### What you will do
In the answer, each line must appear exactly as in the records, and no picture may appear.

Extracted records

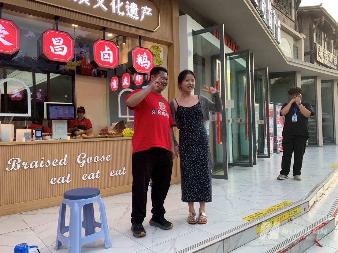 仍有零星的游客前来找“卤鹅哥”合影,图片来源:每经记者蔡鼎摄
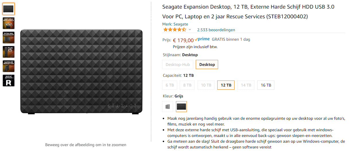 Na het nodige zoeken en vergelijken - net als bij laptops en koelkasten bestaan er soms winkelspecifieke uitvoeringen met afwijkende productcodes - kwamen we uit op de Seagate Expansion Desktop 12TB. Voor deze vrij rechttoe rechtaan ogende 3,5"-schijf betaalden we begin april 179 euro. Welke modellen waar in de aanbieding zijn, verschilt. Op het moment van schrijven kost de schijf alweer 196 euro, waarmee het overigens nog altijd de goedkoopste 12TB-disk is, en zijn andere modellen afgeprijsd.
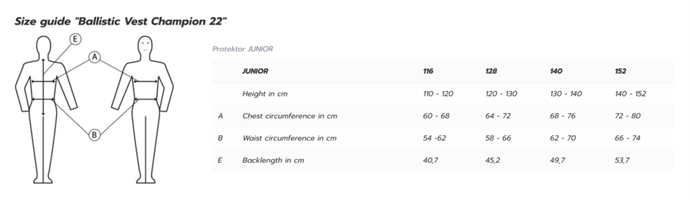Het rugstuk mag tijdens het rijden niet de zadel raken. Het veiligheidsvest is ontworpen om strak tegen het lichaam te zitten, dat wil zeggen over lichte kleding. Bij correcte aanpassing moet het vest de volledige omtrek van het bovenlichaam bedekken. De voorkant moet minstens 25 mm onder de onderste rib reiken, zonder een voorovergebogen rijpositie te belemmeren.
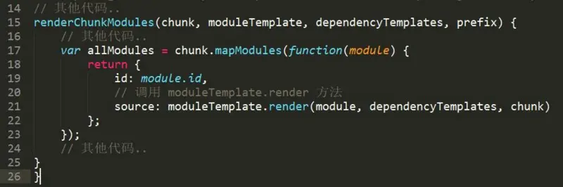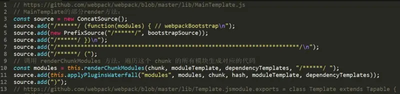 两个类的 render 方法将生成不同的"包装代码", MainTemplate 对应的入口 chunk 需要带有 webpack 的启动代码,所以会有一些函数的声明和启动。 这两个类都只负责这些"包装代码"的生成,包装代码中间的每个模块代码,是通过调用 renderChunkModules 方法来生成的。这里的 renderChunkModules 是由他们的基类 Template 类提供,方法会遍历 chunk 中的模块,然后使用 ModuleTemplate 来渲染。
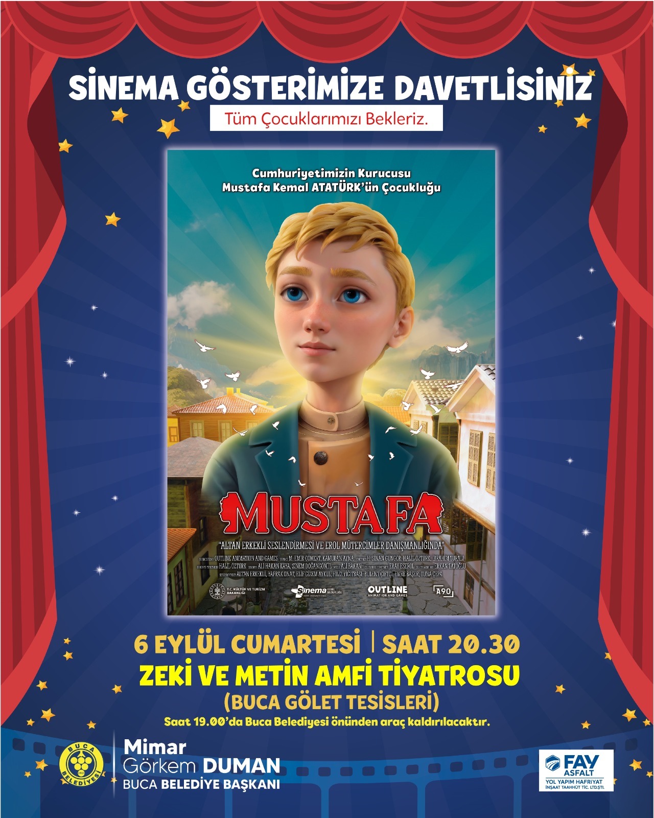 Buca Belediyesi, yeni eğitim öğretim dönemi öncesinde Türkiye Cumhuriyeti’nin kurucusu Gazi Mustafa Kemal Atatürk’ün çocukluğunu anlatan “Mustafa” filmi gösterimi düzenleyecek. Gösterim, 6 Eylül Cumartesi günü saat 20.30’da Buca Gölet Tesisleri Zeki & Metin Amfi Tiyatro’da gerçekleştirilecek. Etkinliğe katılmak isteyen çocuklar ve aileleri için saat 19.00’da Buca Belediyesi önünden ücretsiz servis kaldırılacak.

### Solution to the problem
 仍有零星的游客前来找“卤鹅哥”合影,图片来源:每经记者蔡鼎摄
 Na het nodige zoeken en vergelijken - net als bij laptops en koelkasten bestaan er soms winkelspecifieke uitvoeringen met afwijkende productcodes - kwamen we uit op de Seagate Expansion Desktop 12TB. Voor deze vrij rechttoe rechtaan ogende 3,5"-schijf betaalden we begin april 179 euro. Welke modellen waar in de aanbieding zijn, verschilt. Op het moment van schrijven kost de schijf alweer 196 euro, waarmee het overigens nog altijd de goedkoopste 12TB-disk is, en zijn andere modellen afgeprijsd.
Het rugstuk mag tijdens het rijden niet de zadel raken. Het veiligheidsvest is ontworpen om strak tegen het lichaam te zitten, dat wil zeggen over lichte kleding. Bij correcte aanpassing moet het vest de volledige omtrek van het bovenlichaam bedekken. De voorkant moet minstens 25 mm onder de onderste rib reiken, zonder een voorovergebogen rijpositie te belemmeren.
 两个类的 render 方法将生成不同的"包装代码", MainTemplate 对应的入口 chunk 需要带有 webpack 的启动代码,所以会有一些函数的声明和启动。 这两个类都只负责这些"包装代码"的生成,包装代码中间的每个模块代码,是通过调用 renderChunkModules 方法来生成的。这里的 renderChunkModules 是由他们的基类 Template 类提供,方法会遍历 chunk 中的模块,然后使用 ModuleTemplate 来渲染。
 Buca Belediyesi, yeni eğitim öğretim dönemi öncesinde Türkiye Cumhuriyeti’nin kurucusu Gazi Mustafa Kemal Atatürk’ün çocukluğunu anlatan “Mustafa” filmi gösterimi düzenleyecek. Gösterim, 6 Eylül Cumartesi günü saat 20.30’da Buca Gölet Tesisleri Zeki & Metin Amfi Tiyatro’da gerçekleştirilecek. Etkinliğe katılmak isteyen çocuklar ve aileleri için saat 19.00’da Buca Belediyesi önünden ücretsiz servis kaldırılacak.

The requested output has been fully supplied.